12:14

Systematic Relaxation For Better Sleep

by Aleks Slijepcevic

Rated
4.6
Type
guided
Activity
Meditation
Suitable for
Everyone
Plays
8k

This restorative practice uses Systematic Relaxation of each body part to ease tension, relieve stress, and become consciously aware of the body-breath connection to promote a deeper, quality sleep and rest.

RelaxationSleepBody ScanStress ReliefTension ReliefRestPhysical RelaxationBreathing AwarenessVisualizations

Transcript

Welcome.

Thank you for joining and creating space in your day to cultivate some stillness and silence for a better night's rest.

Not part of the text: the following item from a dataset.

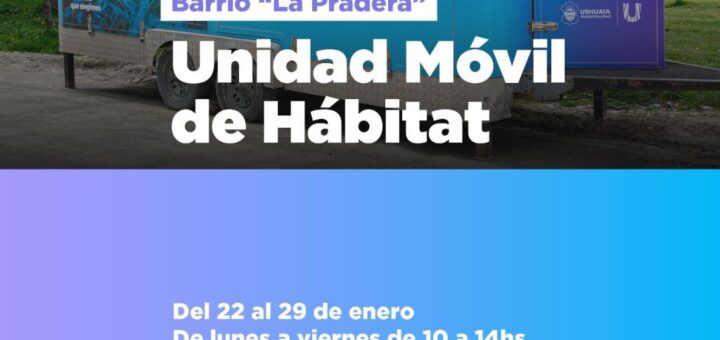 La Secretaría de Hábitat y Ordenamiento Territorial de la Municipalidad de Ushuaia informa que la unidad móvil de atención territorial estará presente desde hoy en barrio La Pradera, atendiendo la demanda del lugar y otros sectores de Andorra, con el objetivo de acercar el Estado a los vecinos y vecinas y facilitar la realización de trámites vinculados a la regularización habitacional.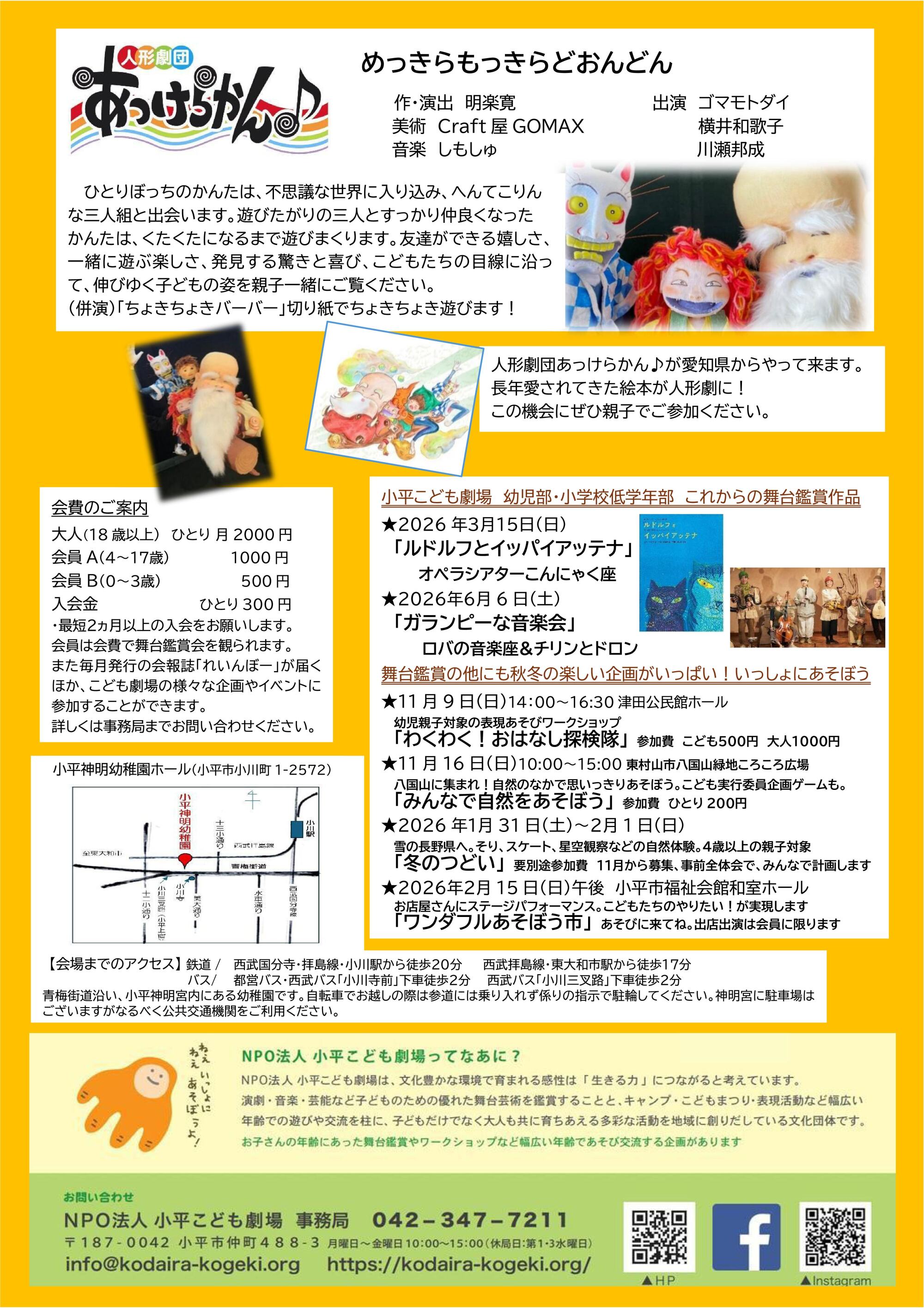 【日時】2025年12月7日(日)11:00開演(開場10:45、上演時間60分) 【場所】小平神明幼稚園ホール 【対象】幼児・小学校低学年のこどもと保護者 【参加】小平こども劇場の会員(最低2か月以上の入会…0歳〜3歳1300円、4歳〜17歳2300円、大人4300円) 一般チケットの取り扱いもあります。事務局までお問い合わせください。 【申込】小平こども劇場事務局までお電話またはメールでお申し込みください。 TEL:042-347-7211 E-mail: info@kodaira-kogeki.org

As we get ready to begin our meditation,

We'll bring our awareness to each body part with breath to ease into relaxation and rest.

Allow yourself to get comfortable laying down,

Covering yourself if you need to,

Or using any props to make this meditation and relaxation that much more serene.

When you're ready,

Begin to gently close your eyes and take a few deep,

Slow breaths in and out.

As you allow the breath to fall into the background of effortless flow,

I'm going to call out a body part one at a time.

Keeping relaxed and in silence,

Gently bring your awareness to that body part as it is called out and simply visualize breathing into it as it ever so deeply relaxes even more.

Bring your attention to your left big toe,

Left second toe,

Left third toe,

Left fourth toe,

Left pinky toe.

Rise that awareness gently into your left ankle,

Left shin,

Left kneecap,

Left thigh,

Left hip bone.

Breathe deeply into your entire left leg.

Now gently bring your awareness to your right big toe,

Right second toe,

Right third toe,

Right fourth toe,

Right pinky toe.

Rise that awareness gently into your right ankle,

Right shin,

Right kneecap,

Right thigh,

Right hip bone.

Feel the breath in your entire right leg sink deeper into the muscles,

Tissues,

Tendons,

And bone.

No effort.

Just simple,

Expansive rest.

Now bring your attention to the center of your pelvis.

Allow the breath to rise up into your belly.

Without making the effort yourself,

Feel the small rise and fall of your belly as the breath moves.

Bring your attention into the left and right sides of your rib cage and feel it to expand and contract with the flow of your breath.

Rise your awareness gently into your heart center.

Bring your attention to your left shoulder,

Left bicep,

Left elbow,

Left forearm,

Left wrist,

Left thumb,

Left index finger,

Left middle finger,

Left ring finger,

Left pinky finger.

Breathe deeply into your entire left arm.

Now gently bring your awareness to your right shoulder,

Right bicep,

Right elbow,

Right forearm,

Right wrist,

Right thumb,

Right index finger,

Right middle finger,

Right ring finger,

Right pinky finger.

Breathe deeply into your entire right arm.

Allow your breath and awareness to settle at your throat center,

Rising up into your jaw as it relaxes into your left ear,

Left eye,

Left brow.

Allow your breath and awareness to rise up into your right ear,

Right eye,

Right brow.

Let the breath and awareness settle between the eyebrows at your third eye center and allow it to cascade down the sides of your nose,

Resting at the base of the nostrils as you feel breath silently come in and out.

Feel the space between your nose and your upper lip and let the breath soften right there.

Bring your attention to your forehead and allow the brow to unfurl and soften.

Allow that breath and awareness to gently silk down into the crown of your head,

Pouring down the back of your neck and deeper down your back all the way until it reaches your legs,

Heels,

And soles of your feet.

Breathe now with your entire body,

Allowing the breath and awareness of it to envelop every fiber and cell of your being.

Continue following your breath in and out without manipulation.

Just simply observe and relish in this rest.

You may stay here and welcome the drifting of sleep or make small gentle movements to welcome the body once again.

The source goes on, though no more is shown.